Market-on-Open Order MOO Definitiion When to Use It

Market-on-Open Order MOO Definitiion When to Use It

Market-on-Open Order (MOO): Definition and Usage

What Is a Market-On-Open Order (MOO)?

A Market-On-Open (MOO) order is executed at the day’s opening price. MOO orders can only be executed when the market opens or shortly after and must provide the first printed price of the day. They are different from market-on-close (MOC) orders.

Key Takeaways

  • MOO orders are non-limit market orders executed at the very opening print of the trading day.
  • Traders place MOO orders in anticipation of price changes throughout the day.
  • These orders influence where the market may open and can create buy or sell imbalances before the trading day is in full swing.

How a Market-On-Open Order Works

MOO orders on the Nasdaq can be entered, canceled, or amended from 7 a.m. to 9:28 a.m.
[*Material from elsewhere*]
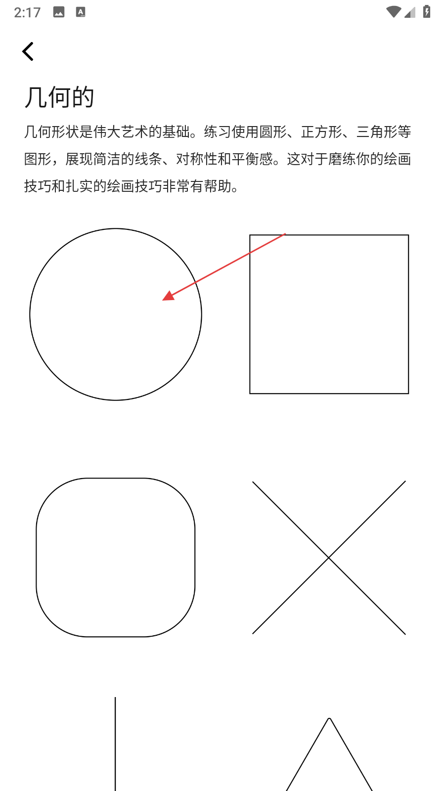 2、在幾何圖形展示頁面,挑選想要練習(xí)繪制的幾何圖形,點擊該圖形后進入操作選擇界面。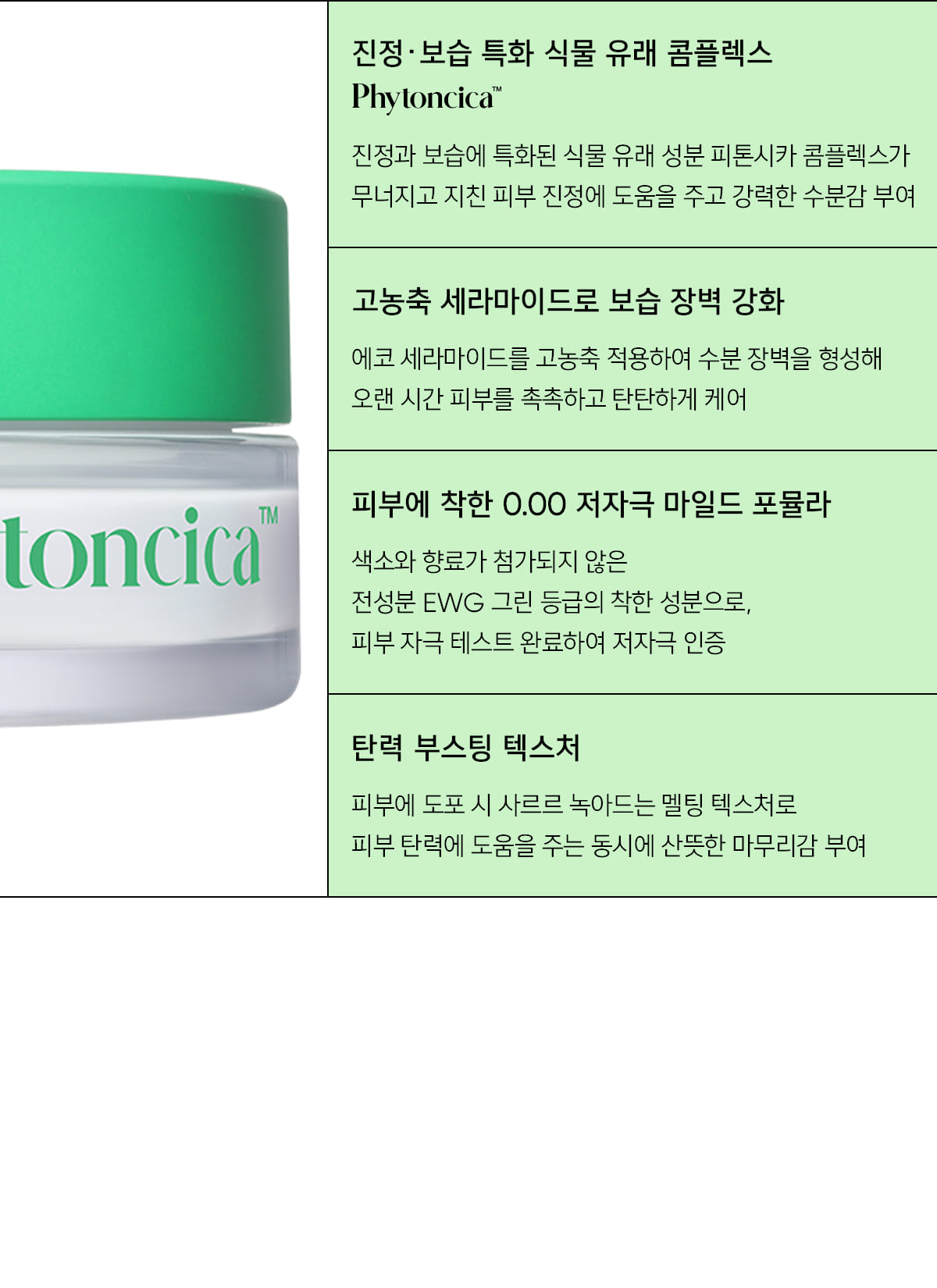 Plant-derived Phytoncica Complex provides calming and moisturizing effects. Panthenol and triple hyaluronic acid provide powerful moisturization, giving the skin a firm and hydrated feel. Mild formula with 0.00 irritation certified by EWG Green.

Eastern Time, Monday to Friday. On the NYSE, MOO orders can be taken any time up until 9:28 a.m. Eastern Time. Execution of MOO orders is guaranteed if there is sufficient liquidity, but the exact price is not guaranteed.

To execute a market-on-open order, a trader enters a buy order while the market is closed, at least two minutes before the market opens. During this time, market-making sellers assess how many orders are waiting for execution at the open, and the nature of those orders (large or small, buy or sell, Limit, Stop, or Market). Based on this information, they adjust their bids and offers, and the first trade of the session establishes the opening price.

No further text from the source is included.